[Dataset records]
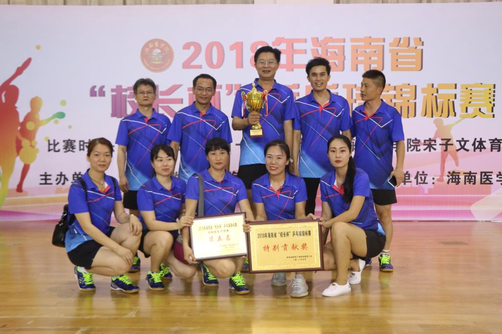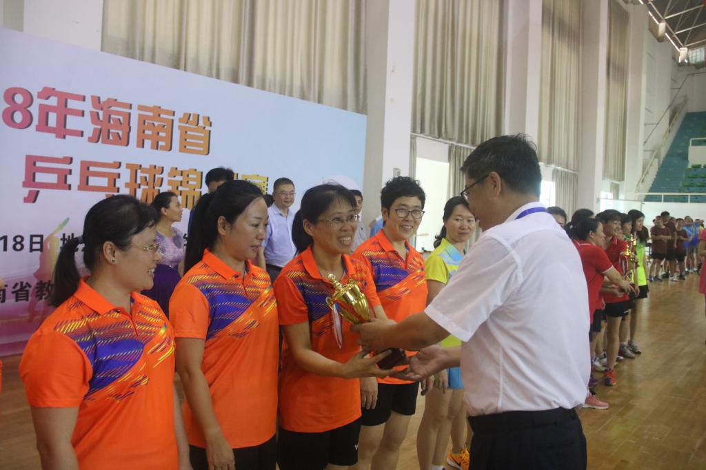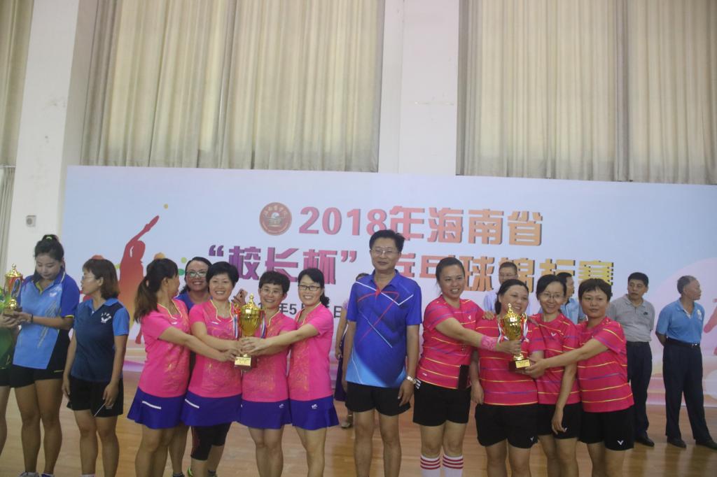 、女子团体B组海南经贸职业技术学院、男子团体C组海南省商业学校、女子团体C组海南省机电工程学校、男子团体D组海南中学、女子团体D组海南省农垦中学;单打赛中获得冠军的是男子单打E组澄迈县教科局工联会林阳、女子单打E组定安县教育工会孙冬梅、男子单打F组定安县教育工会韦培卿、男子单打G组海口市教育工会李飚,女子单打G组海口市教育工会谢瑞琼。我校还荣获特别贡献奖。
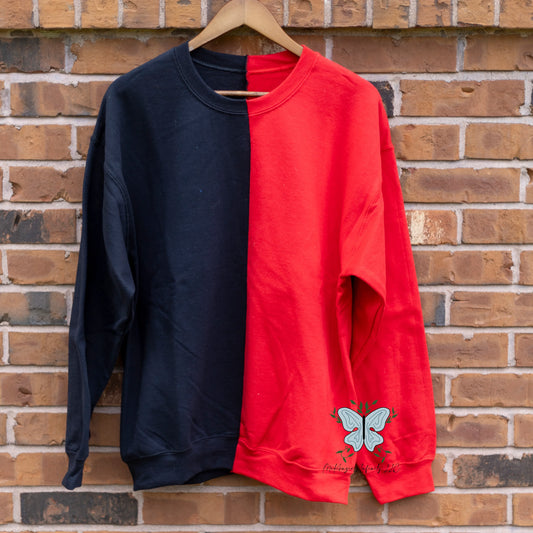 Red & Black Split Colored, Two-Toned, Crewneck Sweatshirt
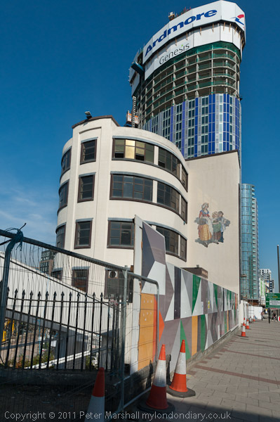 The Yardley mural dwarfed by a huge black behind; fences still bar this section of the Greenway making a detour necessary
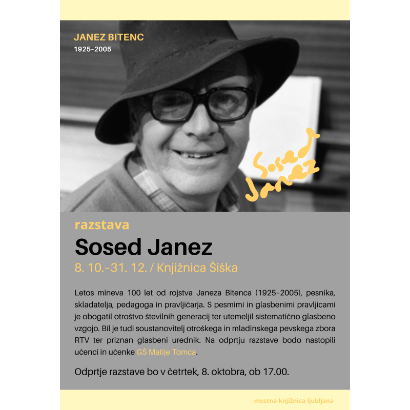 Vabljeni na otvoritev razstave posvečene 100 letnici rojstva Janeza Bitenca, ki je s pesmimi in pravljicami obogatil otroštvo mnogih generacij.
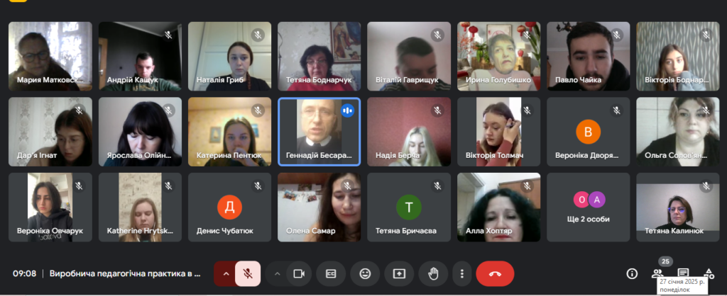 27 січня 2025 року на факультеті іноземної філології в онлайновому форматі відбулася настановна конференція для здобувачів другого (магістерського) рівня вищої освіти. З 27 січня по 23 березня 2025 року вони виконуватимуть завдання програми Виробничої педагогічної практики у закладах загальної середньої освіти. Керівники практики від фахових кафедр, а також кафедри педагогіки і менеджменту освіти та кафедри психології освіти детально розповіли про зміст завдань, послідовність їх виконання, критерії оцінювання та процедуру захисту звітних матеріалів. Методисти наголосили на важливості використання сучасних технологій викладання фахових дисциплін, вивченні досвіду вчителів-предметників тощо. Усі здобувачі вищої освіти пройшли інструктаж з техніки безпеки.
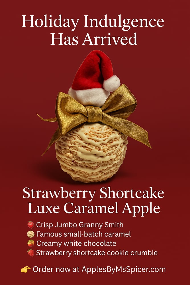 Handcrafted in small batches, each apple begins with a crisp Jumbo Granny Smith, plunged into our famous slow-cooked caramel, then generously coated in silky white chocolate. It’s rolled in our signature strawberry shortcake cookie crumble, drizzled with elegant ribbons of white chocolate, and finished with festive holiday charm.
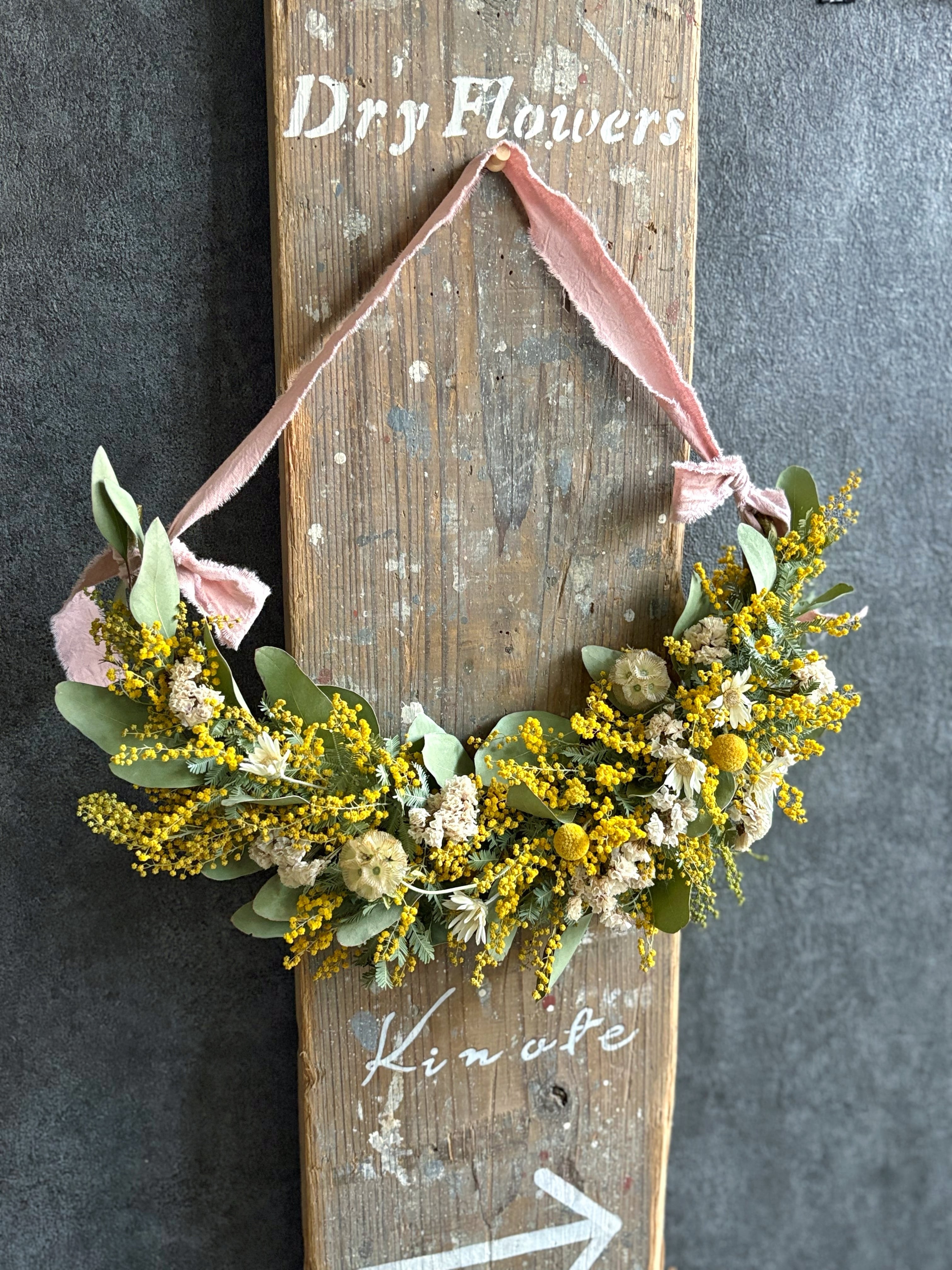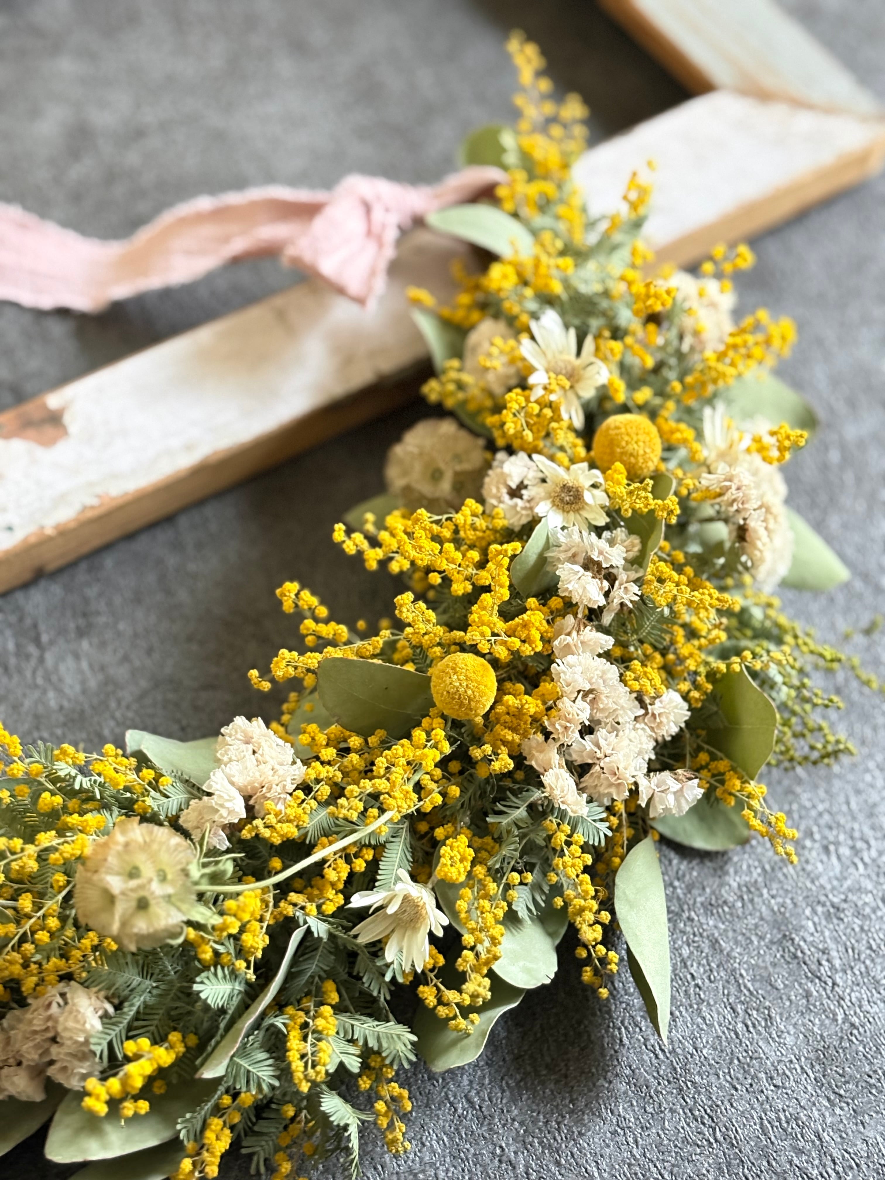 春を告げる花ミモザの春色ガーランドです。乾いたばかりの新鮮なミモザを使って制作いたします。
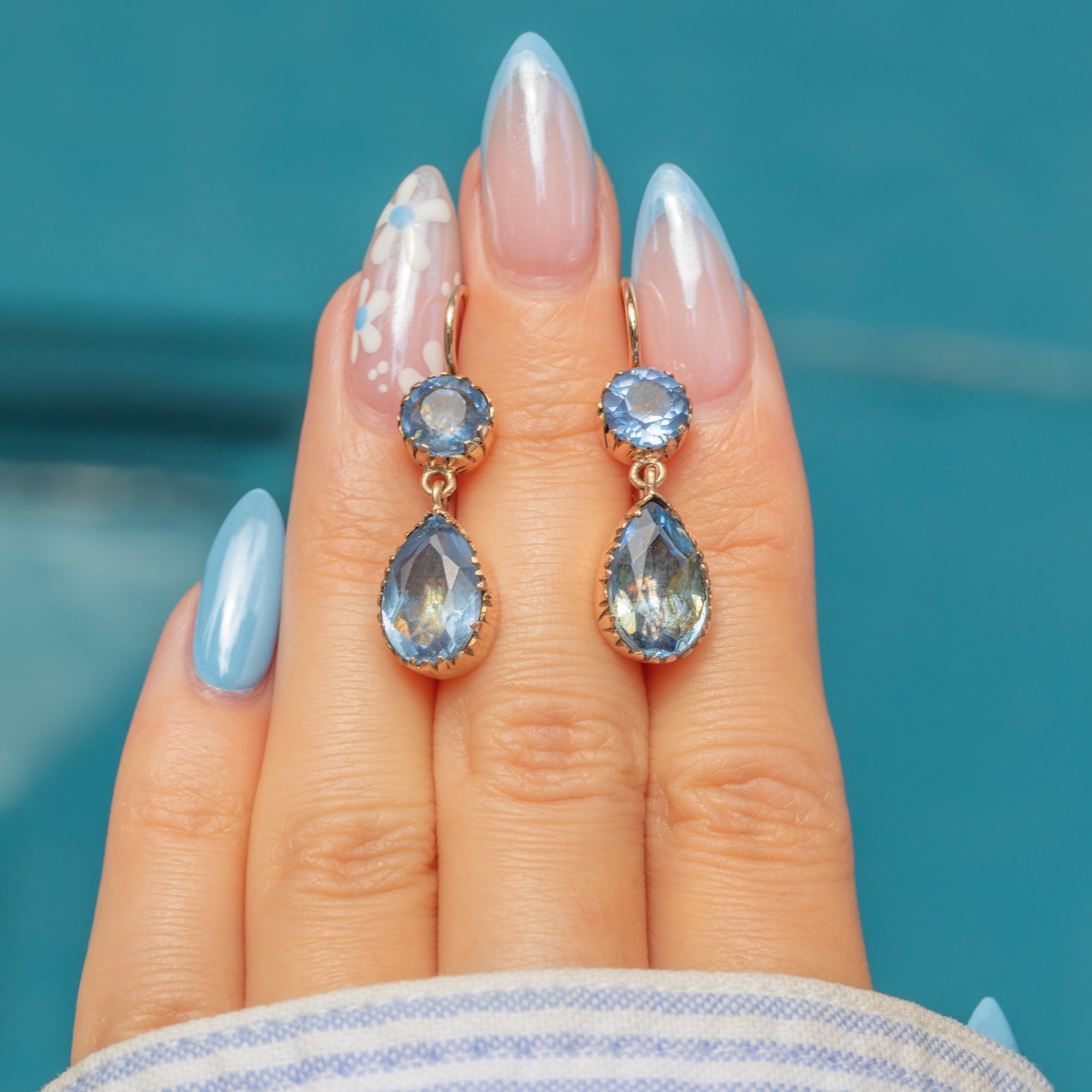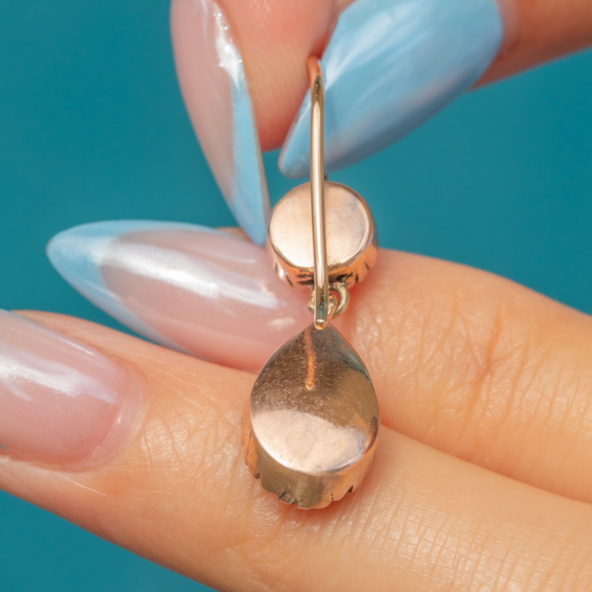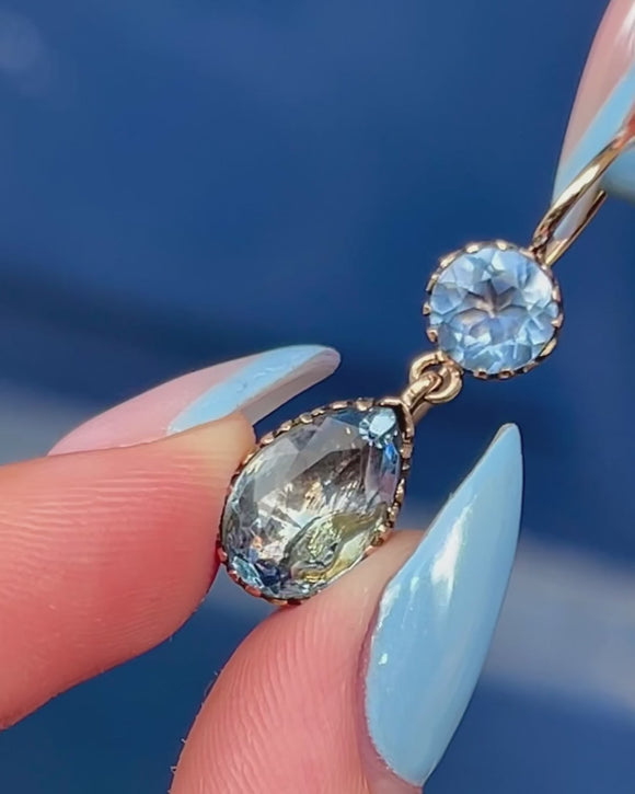 With closed backs, the stones are set in glossy 9ct Gold; the warmth of the Gold effortlessly complements the cool tones of the aqua blue Paste. Dancing with movement as they suspend from elongated hooks, these Georgian earrings are a resplendent antique pair to add to your collection.
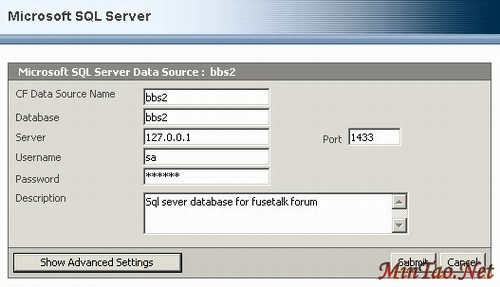 4、打开ColdfusionMX 管理页面,进行数据库配置,类型选择Microsoft SQL Sever。点击Add进入配置界面,输入相应数据,其中Server为数据库服务器IP,本地调试可以用127.0.0.1,Username为sa,密码参看第3步。填完以后点“Submit”,数据库就安装成功了。
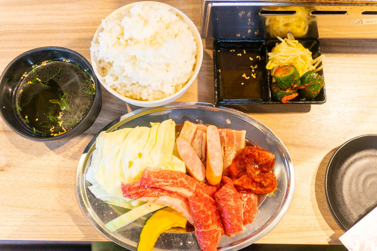 ご飯大盛り無料、スープにキムチ付き。キャベツにかぼちゃ、玉ねぎにウインナー、豚肉も鶏肉もあって、カルビやホルモンもついています。
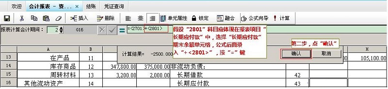 选择“长期应付款”期末余额单元格,在公式栏添加"+<2801>",再按“=”键,点击“确认”后保存公式
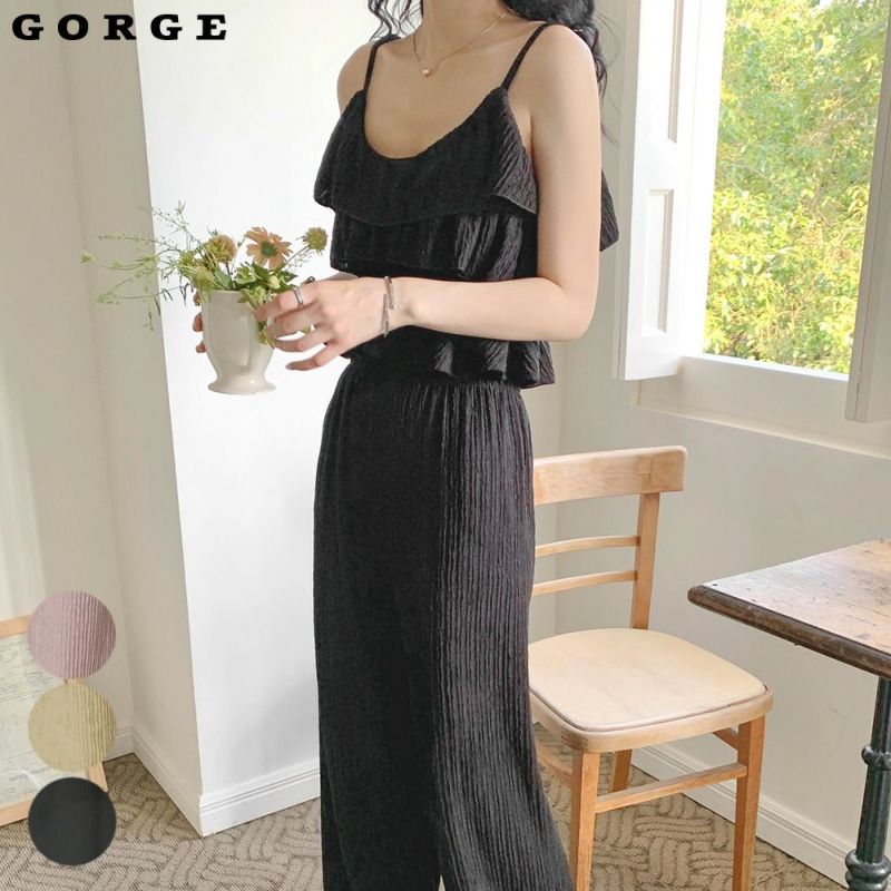 フリルが可愛いキャミソールとパンツのセットアイテム。柔らかく動きのある生地感に3段フリルのボリューム感あるキャミソールは存在感抜群◎パンツは着丈が長めなのでショート丈アイテムと相性ピッタリです。セットアップでももちろん着回しもできるのでコーデの幅が広がります。
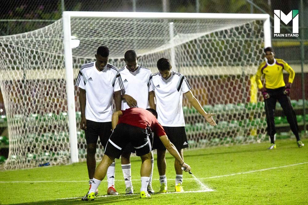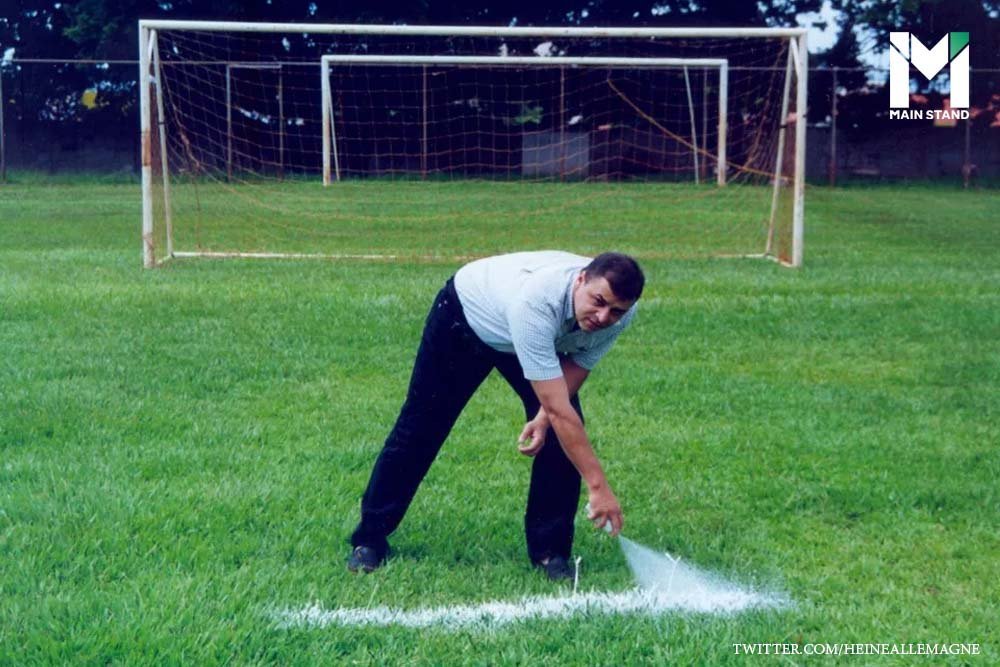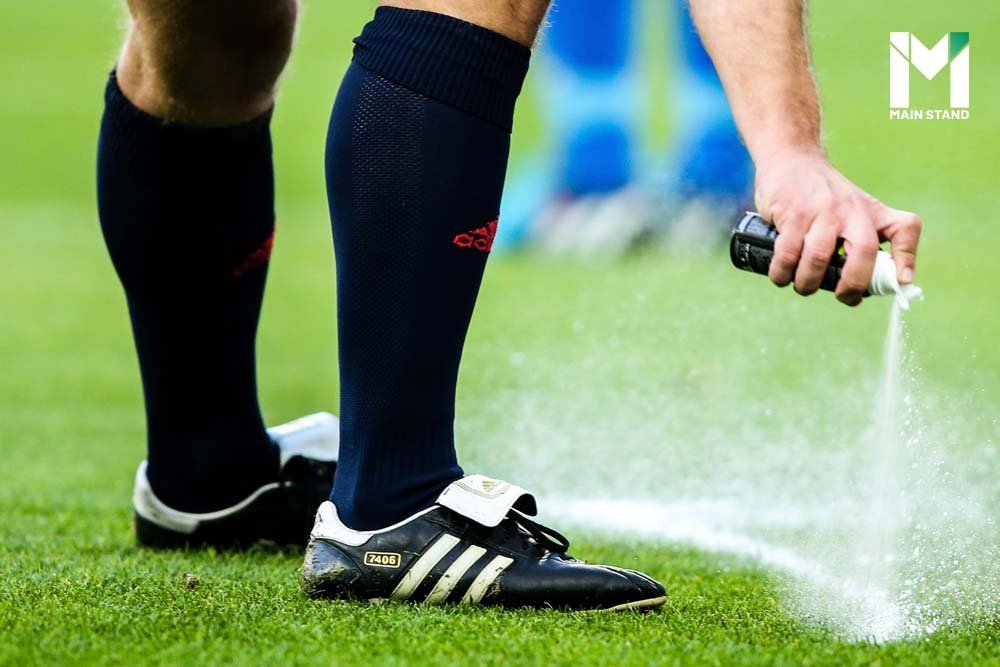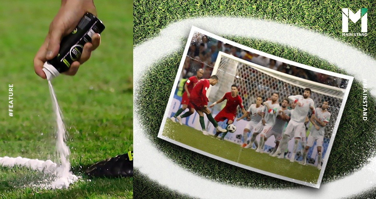 The idea of spraying to indicate marks for the wall and freekick location started in 2000 from a group of Brazilian.

▶ Task description
Please reproduce the lines exactly from the one containing "4、打开ColdfusionMX 管理页面,进行数据库配置,类型选择Microsoft SQL" through the last line of the data above, and keep the pictures out.

▶ Answer box
 4、打开ColdfusionMX 管理页面,进行数据库配置,类型选择Microsoft SQL Sever。点击Add进入配置界面,输入相应数据,其中Server为数据库服务器IP,本地调试可以用127.0.0.1,Username为sa,密码参看第3步。填完以后点“Submit”,数据库就安装成功了。
 ご飯大盛り無料、スープにキムチ付き。キャベツにかぼちゃ、玉ねぎにウインナー、豚肉も鶏肉もあって、カルビやホルモンもついています。
 选择“长期应付款”期末余额单元格,在公式栏添加"+<2801>",再按“=”键,点击“确认”后保存公式
 フリルが可愛いキャミソールとパンツのセットアイテム。柔らかく動きのある生地感に3段フリルのボリューム感あるキャミソールは存在感抜群◎パンツは着丈が長めなのでショート丈アイテムと相性ピッタリです。セットアップでももちろん着回しもできるのでコーデの幅が広がります。
 The idea of spraying to indicate marks for the wall and freekick location started in 2000 from a group of Brazilian.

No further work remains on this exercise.